**DIRECTIONS FOR THIS TASK:**
Once you reach the line with "Dieser multifunktionale Badezimmer-Wandschrank" below, copy each line exactly, stopping after the line with "его более интересным.", and skip any pictures.

**ENTRIES SHOWN:**

-*-*-

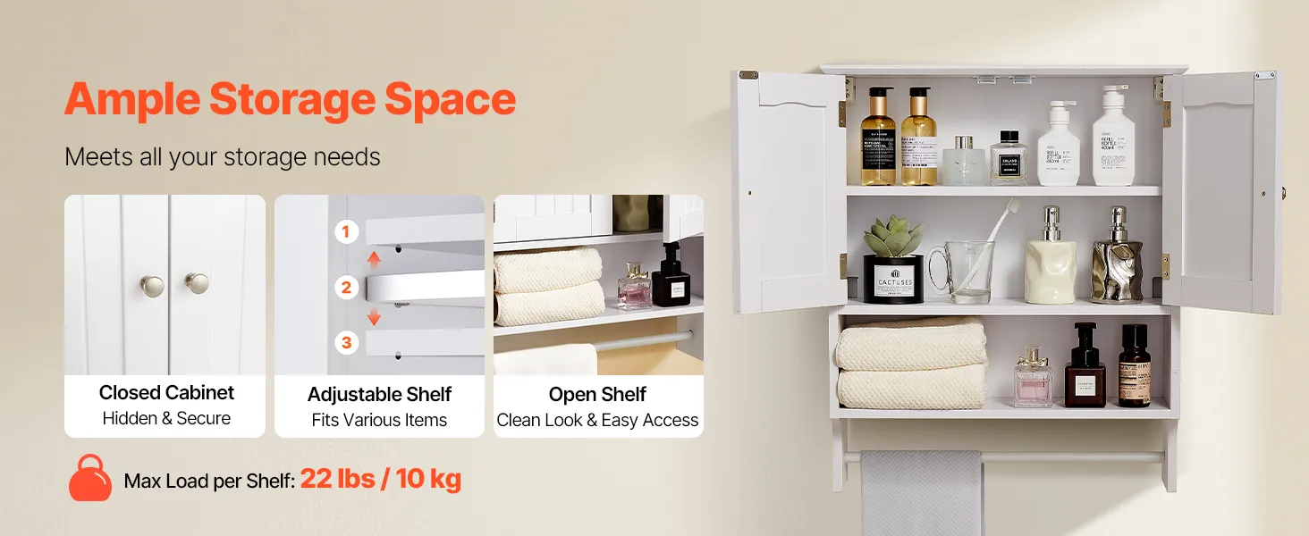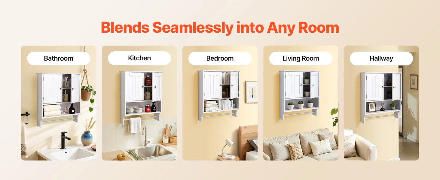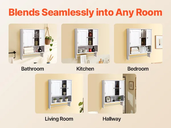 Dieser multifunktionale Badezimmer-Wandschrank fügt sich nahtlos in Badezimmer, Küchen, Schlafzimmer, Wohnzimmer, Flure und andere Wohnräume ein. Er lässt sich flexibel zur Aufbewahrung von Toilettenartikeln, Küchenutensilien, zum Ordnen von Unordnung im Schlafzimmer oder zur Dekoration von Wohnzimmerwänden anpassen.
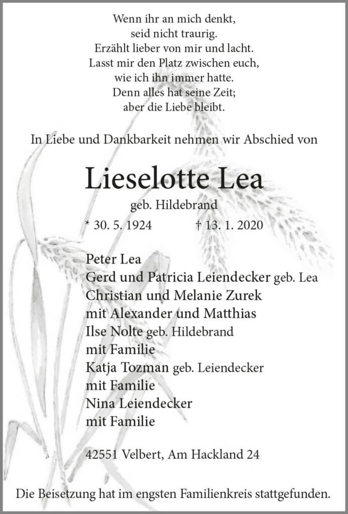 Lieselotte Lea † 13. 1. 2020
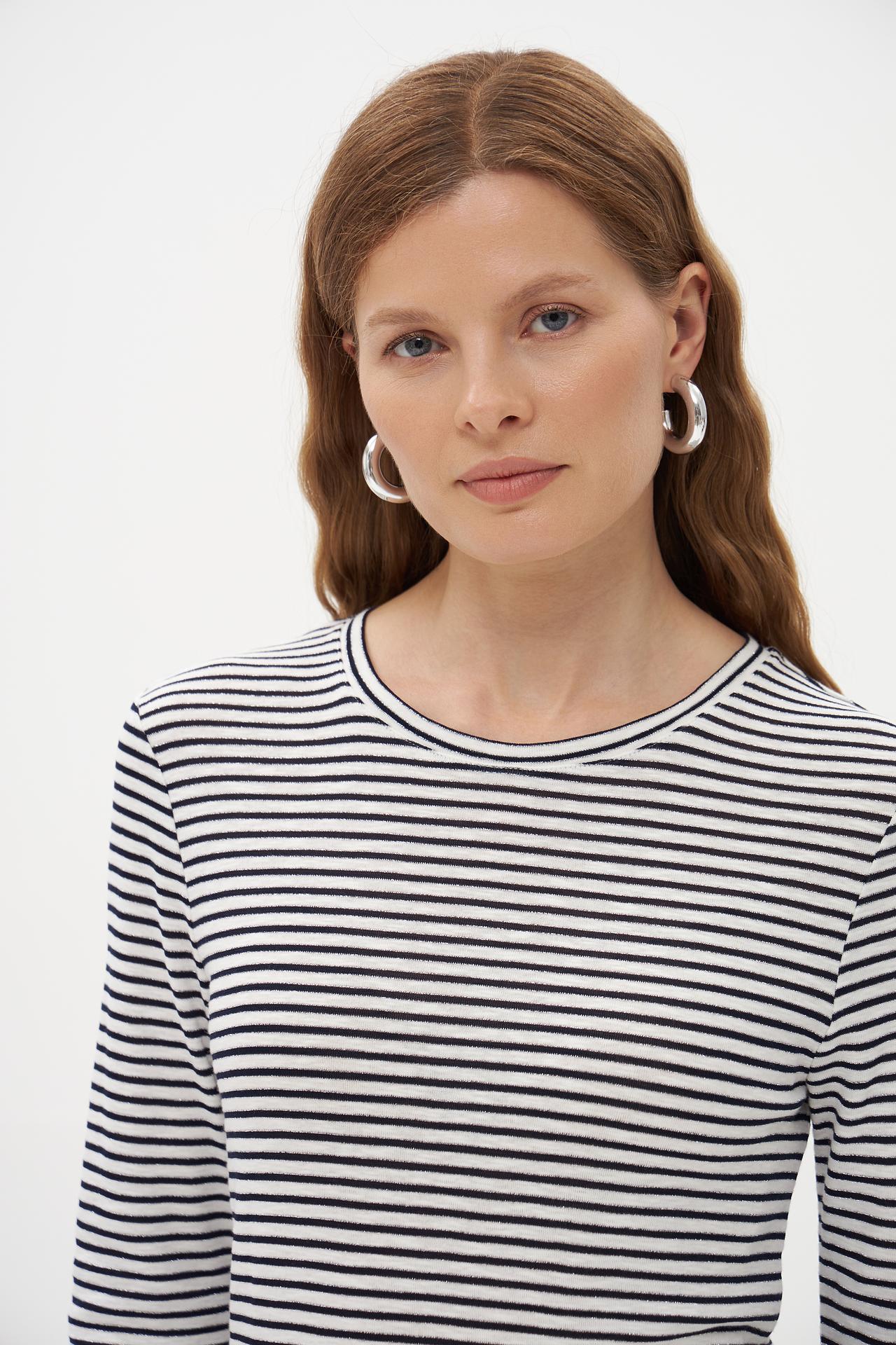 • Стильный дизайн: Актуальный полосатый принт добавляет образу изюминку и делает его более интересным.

-*-*-

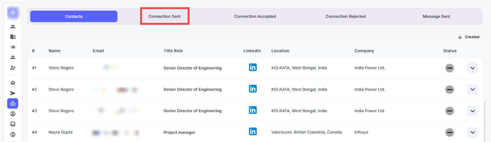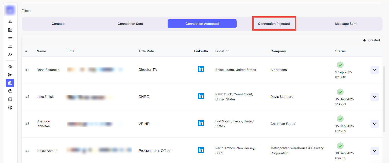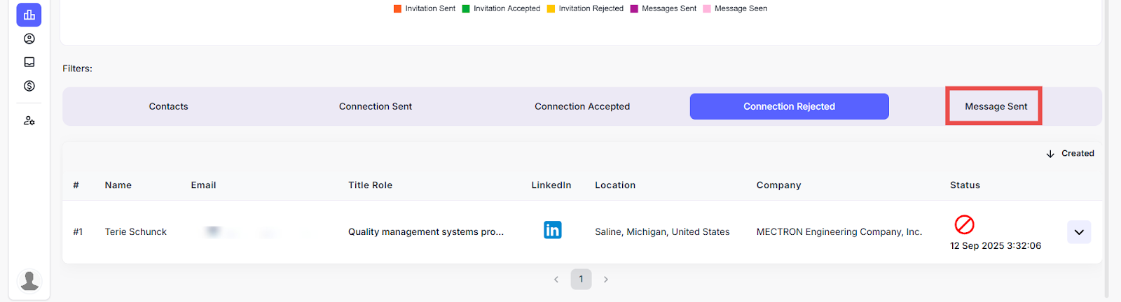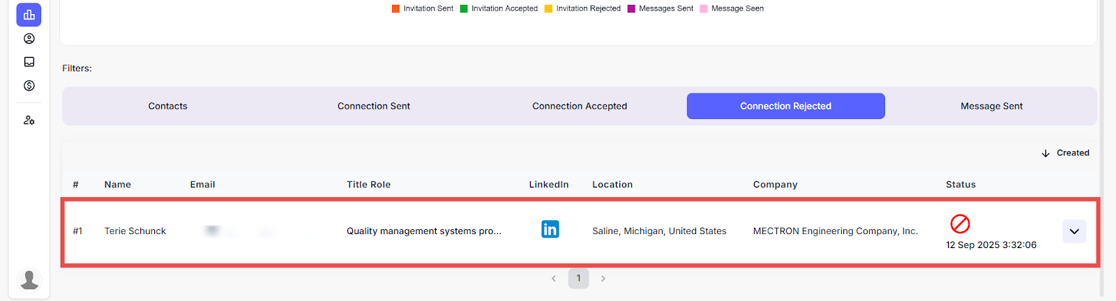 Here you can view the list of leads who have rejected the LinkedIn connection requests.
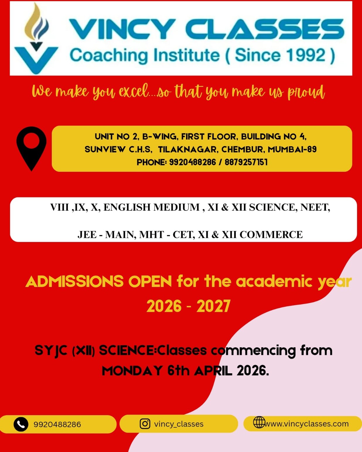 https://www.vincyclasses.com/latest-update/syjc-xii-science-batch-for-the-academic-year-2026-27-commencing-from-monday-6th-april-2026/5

-*-*-

**THE ANSWER:**
 Dieser multifunktionale Badezimmer-Wandschrank fügt sich nahtlos in Badezimmer, Küchen, Schlafzimmer, Wohnzimmer, Flure und andere Wohnräume ein. Er lässt sich flexibel zur Aufbewahrung von Toilettenartikeln, Küchenutensilien, zum Ordnen von Unordnung im Schlafzimmer oder zur Dekoration von Wohnzimmerwänden anpassen.
 Lieselotte Lea † 13. 1. 2020
 • Стильный дизайн: Актуальный полосатый принт добавляет образу изюминку и делает его более интересным.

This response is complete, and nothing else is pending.